Review: Kindred
This book had me wanting to slap a lot of people. Mind you, I've only slapped one person in my life. If I've already committed to the action by thinking about it, this a significant increase. I also posted this review to everywhere but my blog so far, which is not the usual order. Now everything is upside down.
Book description:
Dana, a modern black woman, is celebrating her twenty-sixth birthday with her new husband when she is snatched abruptly from her home in California and transported to the antebellum South. Rufus, the white son of a plantation owner, is drowning, and Dana has been summoned to save him. Dana is drawn back repeatedly through time to the slave quarters, and each time the stay grows longer, more arduous, and more dangerous until it is uncertain whether or not Dana's life will end, long before it has a chance to begin.
Review
After reading the first chapter and rolling my eyes a little, I'm thinking Dana will save this white kid and he'll love her and be a good person and all that jazz.
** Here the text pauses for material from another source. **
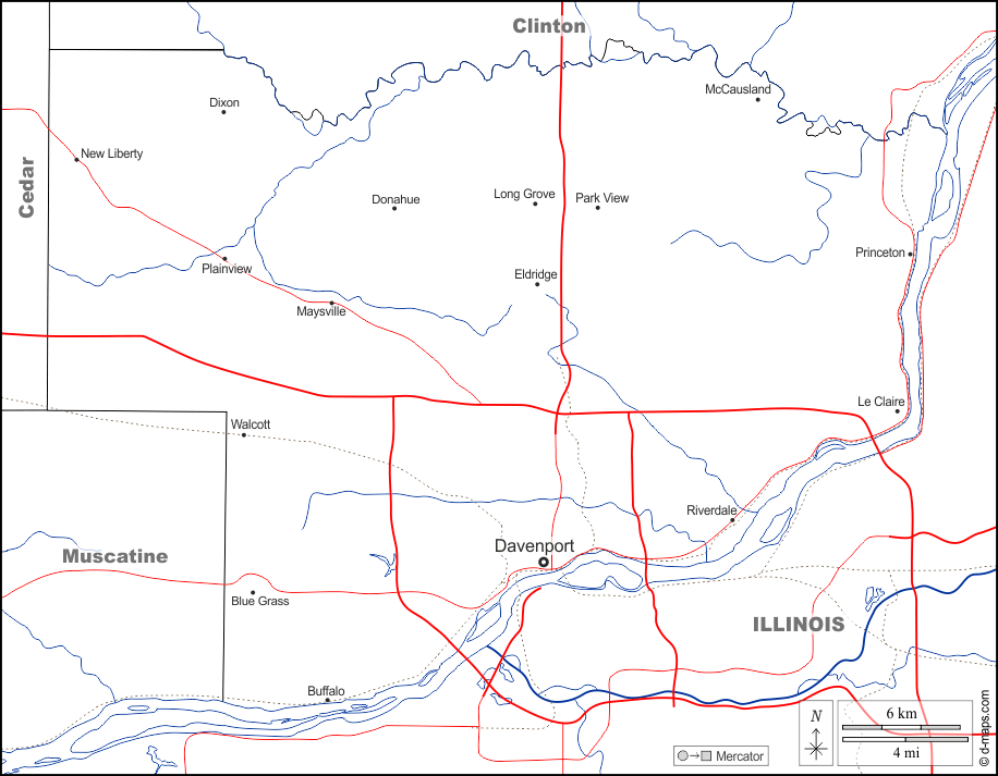 d-maps > संयुक्त राज्य > आयोवा > स्कॉट काउंटी > सीमाओं, जल-सर्वेक्षण, मुख्य शहरों, सड़कों, नाम, सफेद
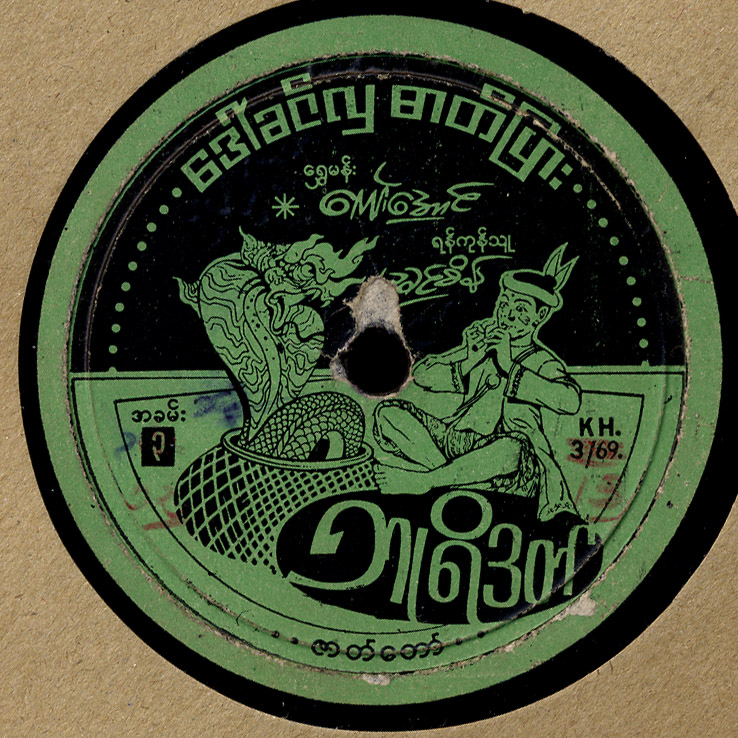 Burmese 78s tend to come in one of three basic varieties; chamber music (music for indoors), drama and “modern music.” Our first record is of the chamber music variety, on the HMV label, and features the wonderful singing of Yadana Myit, backed by a saung-gauk (harp) and violin.

Yeah, no...I got a kick-in-the-pants surprise.
Rufus develops this need for Dana that at first is childlike and a response to trauma, but as he gets older and needs her more often, he starts to show his true colors. Graciously, Dana still sees him like a child and knows his actions are driven by trauma and his world, but she can't give up her self-respect. She can try and blend into the environment though, and her husband helps and hinders at the same time. This complex tug-of-war is what makes everyone so slappable and the ending so sad and satisfying at the same time.
"Good person" is a difficult thing to understand. My modern sensibilities have a really hard time with it, and Butler takes opportunities to put "good" behaviors in a historical perspective while reminding the reader that it's still not OK. That is part of why I am thoroughly enjoying my reads this year. With a few exceptions too many authors shy away from these intricate issues, or don't show how complex they are. I find that many black authors just "got there," which I appreciate very much.
This book is brutal and yet somehow necessary.